PROBLEM STATEMENT:
Given the material below, return only the lines starting at the line with "Duftkerzen im schlichten" and ending at the line with "人気の豆皿サイズ、ル・クルー", exactly as they appear.

GIVEN ENTRIES:
=== Section Start ===

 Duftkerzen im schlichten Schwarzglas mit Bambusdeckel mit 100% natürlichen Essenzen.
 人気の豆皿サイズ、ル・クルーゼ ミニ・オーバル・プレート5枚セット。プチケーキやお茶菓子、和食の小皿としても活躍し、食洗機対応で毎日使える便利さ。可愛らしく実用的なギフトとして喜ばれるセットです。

=== Section End ===
=== Section Start ===

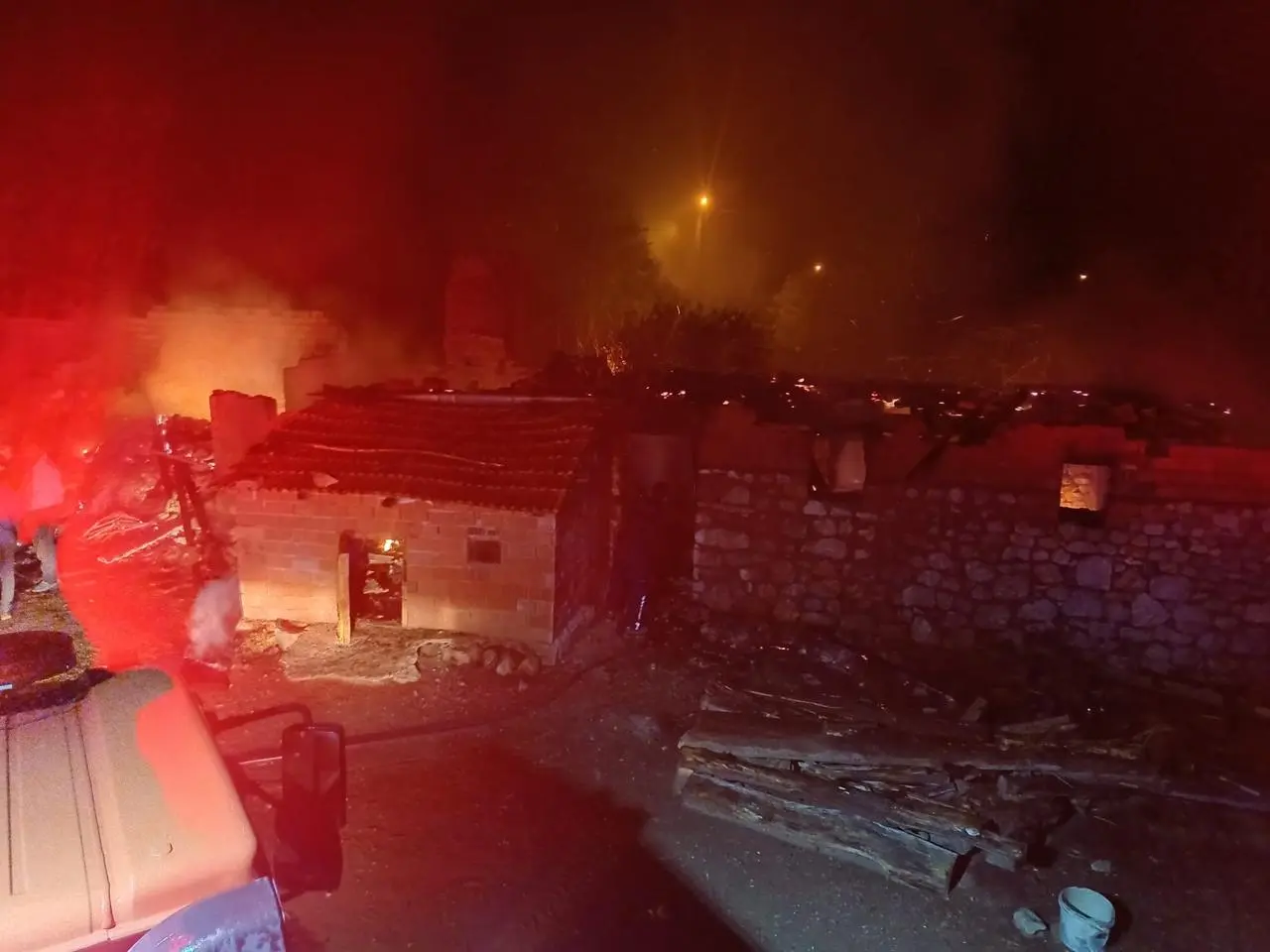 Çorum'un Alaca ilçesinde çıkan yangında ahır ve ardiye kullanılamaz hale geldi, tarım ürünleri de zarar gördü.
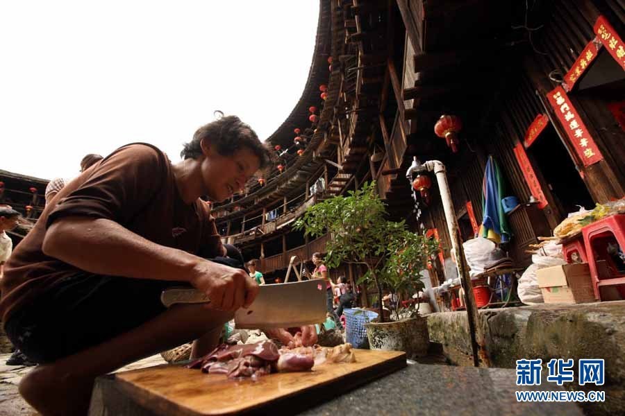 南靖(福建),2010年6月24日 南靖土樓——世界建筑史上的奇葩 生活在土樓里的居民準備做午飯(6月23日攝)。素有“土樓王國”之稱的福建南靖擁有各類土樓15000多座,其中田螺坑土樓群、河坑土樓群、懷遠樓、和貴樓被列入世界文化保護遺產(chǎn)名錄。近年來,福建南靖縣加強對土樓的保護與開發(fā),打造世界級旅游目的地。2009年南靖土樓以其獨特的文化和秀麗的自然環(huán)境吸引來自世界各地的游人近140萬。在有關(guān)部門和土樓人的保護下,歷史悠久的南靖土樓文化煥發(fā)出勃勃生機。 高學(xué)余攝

=== Section End ===

OUTPUT FOR THIS EXERCISE:
 Duftkerzen im schlichten Schwarzglas mit Bambusdeckel mit 100% natürlichen Essenzen.
 人気の豆皿サイズ、ル・クルーゼ ミニ・オーバル・プレート5枚セット。プチケーキやお茶菓子、和食の小皿としても活躍し、食洗機対応で毎日使える便利さ。可愛らしく実用的なギフトとして喜ばれるセットです。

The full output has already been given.